Work required
Each record must be written out again exactly. Skip any picture it contains.

•••

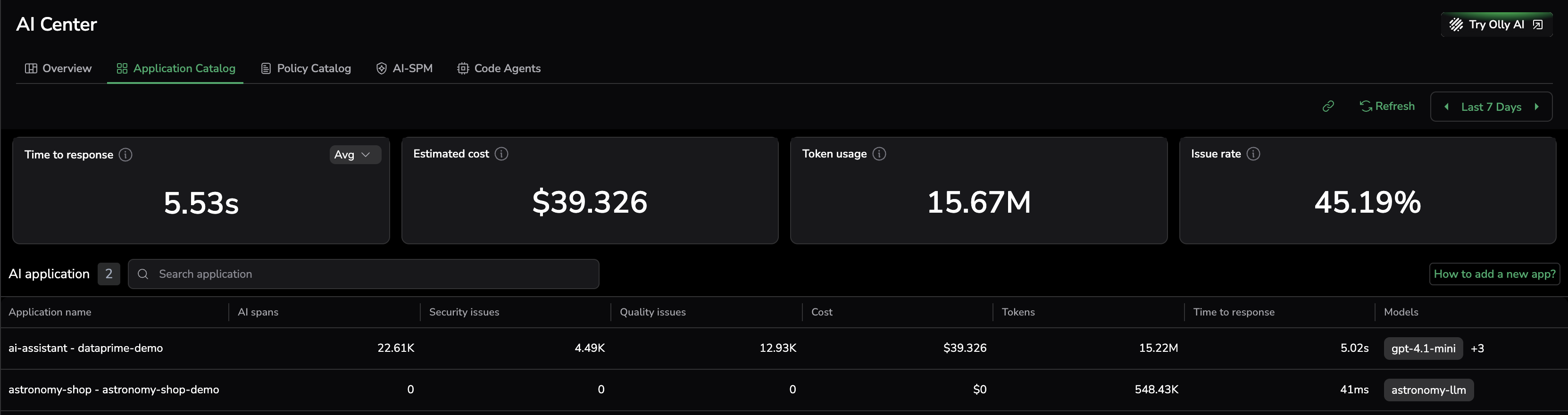 The Application Catalog lists all your AI applications in one sortable table, with response time, cost, tokens, and issue counts visible at a glance for easy comparison.
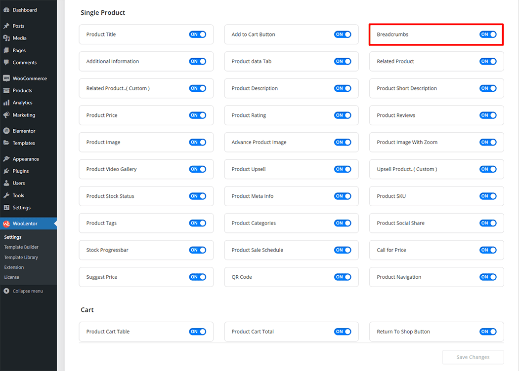 Go to WordPress Dashboard > WooLentor > Settings > Elements. From the list of Elements, turn ON the “Breadcrumbs” widget.
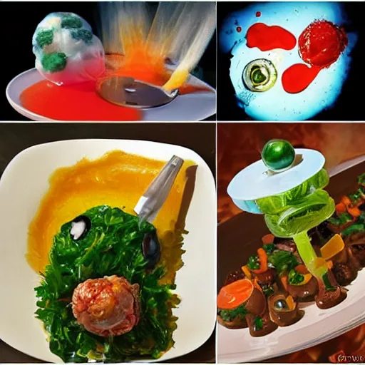 gourmet dinner in the style of weird science movie, molecular gastronomy, science textbook artwork
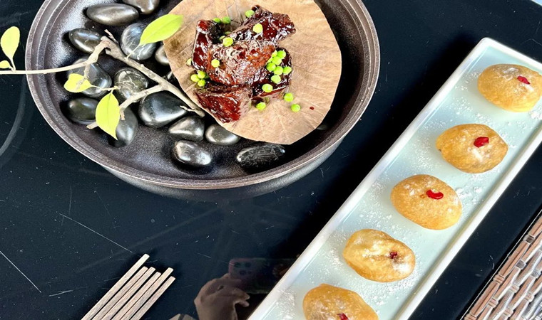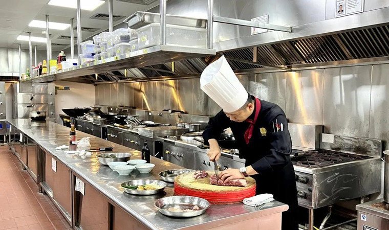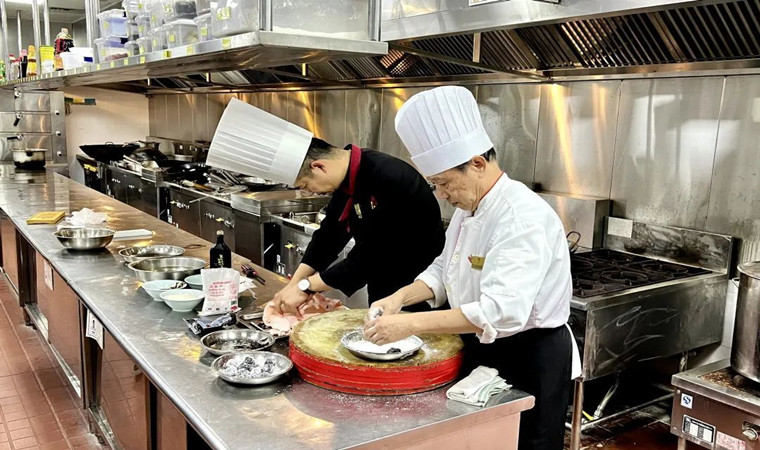 朱偉一邊備菜,一邊向記者介紹:“在烹制牛肉時(shí),我們要加入桐鄉(xiāng)本地的‘烏酒’和包裹粽子的‘箬竹葉’,這樣烹制出來的牛肉,肉香醇厚,食者唇齒間酒香、粽香縈繞,是一道具有獨(dú)特烙印的桐鄉(xiāng)美食?!庇浾吡私獾剑唆障銥蹙菩∨H?,還有許多桐鄉(xiāng)特色美食也出現(xiàn)在菜單中——紅燒老鵝、富貴燜喜蛋、羊肉面、定勝糕、桐鄉(xiāng)爆魚……
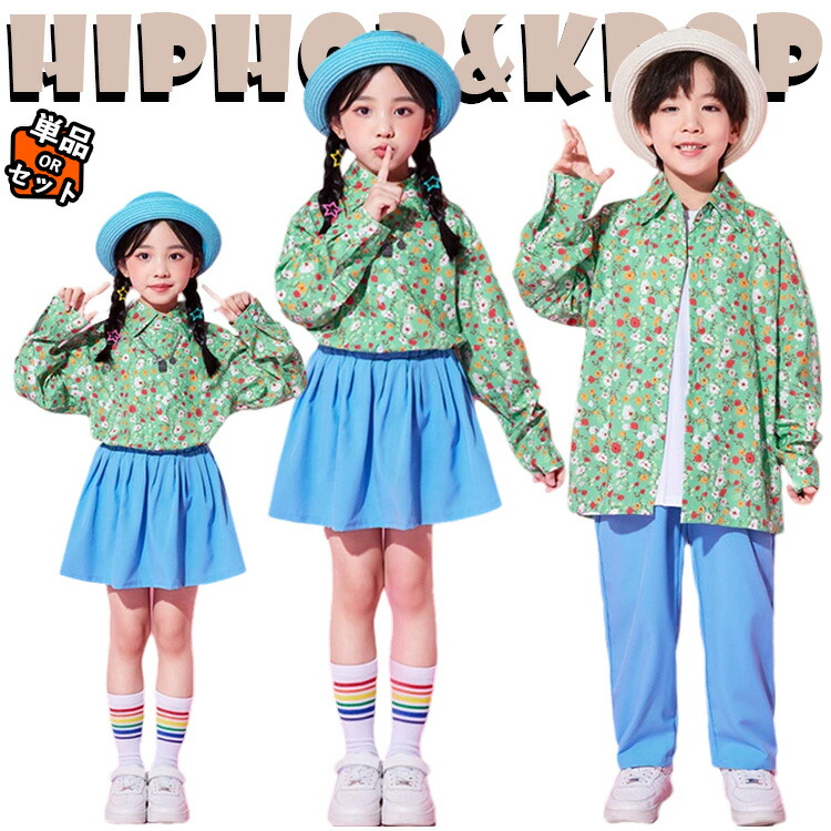 花柄 グリーン ブルー キッズ ダンス衣装 女の子 男の子 上下セット 春 夏 秋 小学生 クラス服 発表会 長袖シャツ シャツ スカート パンツ 総柄 セットアップ 可愛い ゆったり おし
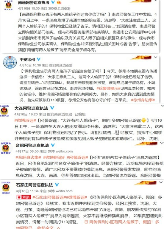4月16日,沈陽網(wǎng)警官微回應(yīng)稱:經(jīng)核實,沈陽市公安局指揮中心并未接到有該市市民孩子被偷或者親眼見到人販子的報警及市民求助事件。丹東網(wǎng)警官微也表示:經(jīng)與該市保利物業(yè)公司核實確認,保利物業(yè)也并沒有張貼過相關(guān)圖片或者“告示”。
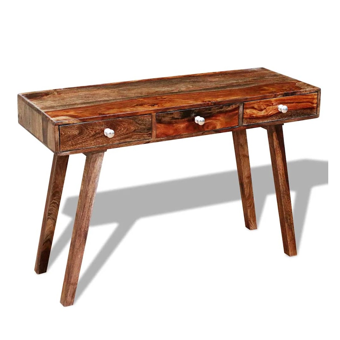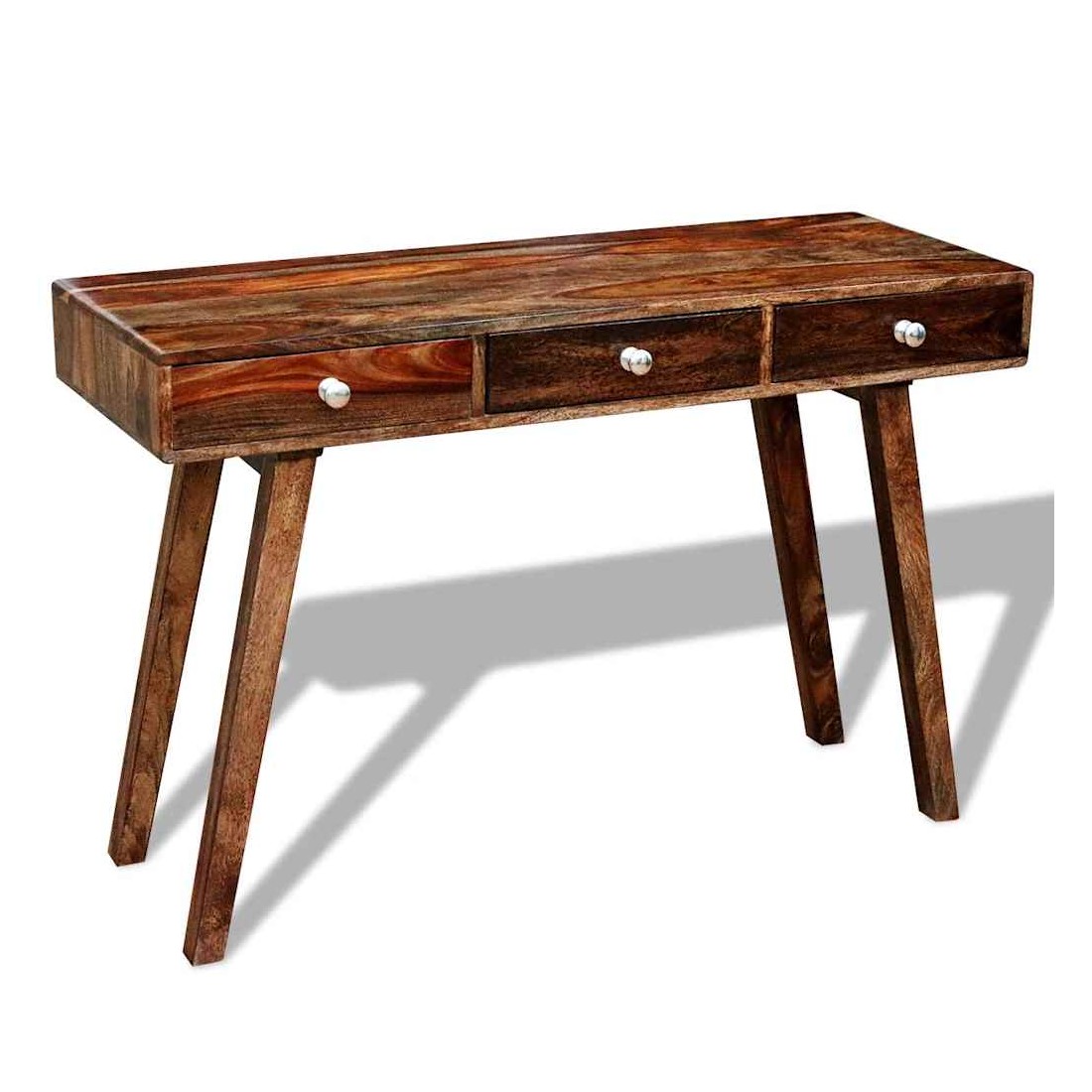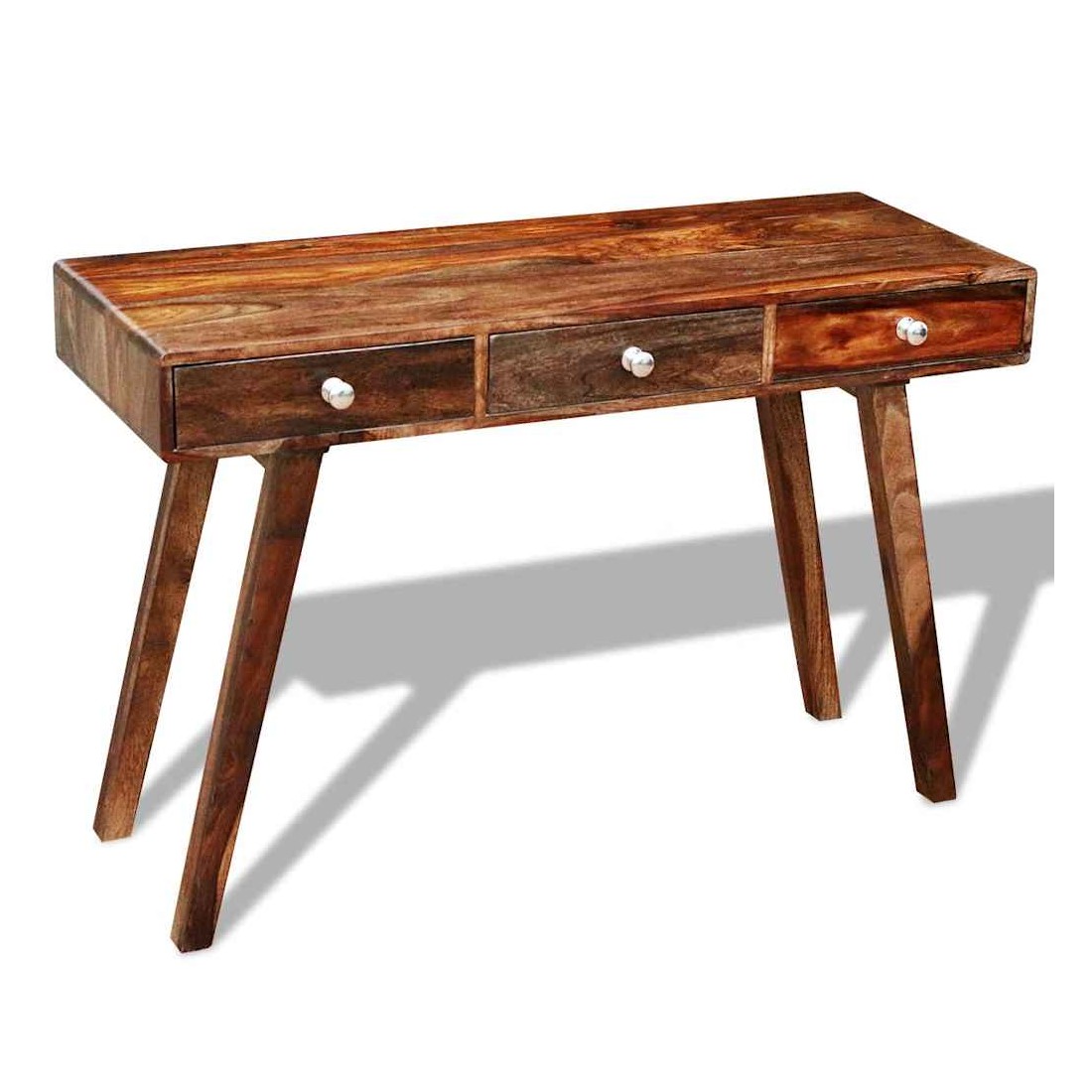 Ce buffet vintage en bois est à la fois élégant et pratique. Il peut également être utilisé comme table console ou armoire console. Le design élégant fera de ce buffet un point attrayant de n'importe quelle pièce. Ce buffet a un dessus vigoureux, sur lequel vous pouvez placer des articles décoratifs comme des paniers de fruits ou des vases. Ses 3 grands tiroirs vous offrent un espace de rangement supplémentaire pour vos ornements, cosmétiques et autres effets personnels. Cette table de chevet est faite de bois massif. Il est un bois dur tropical qui est bien connu pour ses grains riches et aussi connu sous le nom de palissandre ou de bois de rose. Elle est entièrement faite à la main et les beaux grains de bois rendent chaque pièce unique et légèrement différente l'une de l'autre. Les pieds en bois contribuent à la construction robuste. Remarque importante : les couleurs varient d'une pièce à l'autre, rendant chaque pièce unique. La livraison est aléatoire, garantissant l'exclusivité et l'individualité de votre produit.

•••

Exercise answer
 The Application Catalog lists all your AI applications in one sortable table, with response time, cost, tokens, and issue counts visible at a glance for easy comparison.
 Go to WordPress Dashboard > WooLentor > Settings > Elements. From the list of Elements, turn ON the “Breadcrumbs” widget.
 gourmet dinner in the style of weird science movie, molecular gastronomy, science textbook artwork
 朱偉一邊備菜,一邊向記者介紹:“在烹制牛肉時(shí),我們要加入桐鄉(xiāng)本地的‘烏酒’和包裹粽子的‘箬竹葉’,這樣烹制出來的牛肉,肉香醇厚,食者唇齒間酒香、粽香縈繞,是一道具有獨(dú)特烙印的桐鄉(xiāng)美食?!庇浾吡私獾剑唆障銥蹙菩∨H?,還有許多桐鄉(xiāng)特色美食也出現(xiàn)在菜單中——紅燒老鵝、富貴燜喜蛋、羊肉面、定勝糕、桐鄉(xiāng)爆魚……
 花柄 グリーン ブルー キッズ ダンス衣装 女の子 男の子 上下セット 春 夏 秋 小学生 クラス服 発表会 長袖シャツ シャツ スカート パンツ 総柄 セットアップ 可愛い ゆったり おし
4月16日,沈陽網(wǎng)警官微回應(yīng)稱:經(jīng)核實,沈陽市公安局指揮中心并未接到有該市市民孩子被偷或者親眼見到人販子的報警及市民求助事件。丹東網(wǎng)警官微也表示:經(jīng)與該市保利物業(yè)公司核實確認,保利物業(yè)也并沒有張貼過相關(guān)圖片或者“告示”。
 Ce buffet vintage en bois est à la fois élégant et pratique. Il peut également être utilisé comme table console ou armoire console. Le design élégant fera de ce buffet un point attrayant de n'importe quelle pièce. Ce buffet a un dessus vigoureux, sur lequel vous pouvez placer des articles décoratifs comme des paniers de fruits ou des vases. Ses 3 grands tiroirs vous offrent un espace de rangement supplémentaire pour vos ornements, cosmétiques et autres effets personnels. Cette table de chevet est faite de bois massif. Il est un bois dur tropical qui est bien connu pour ses grains riches et aussi connu sous le nom de palissandre ou de bois de rose. Elle est entièrement faite à la main et les beaux grains de bois rendent chaque pièce unique et légèrement différente l'une de l'autre. Les pieds en bois contribuent à la construction robuste. Remarque importante : les couleurs varient d'une pièce à l'autre, rendant chaque pièce unique. La livraison est aléatoire, garantissant l'exclusivité et l'individualité de votre produit.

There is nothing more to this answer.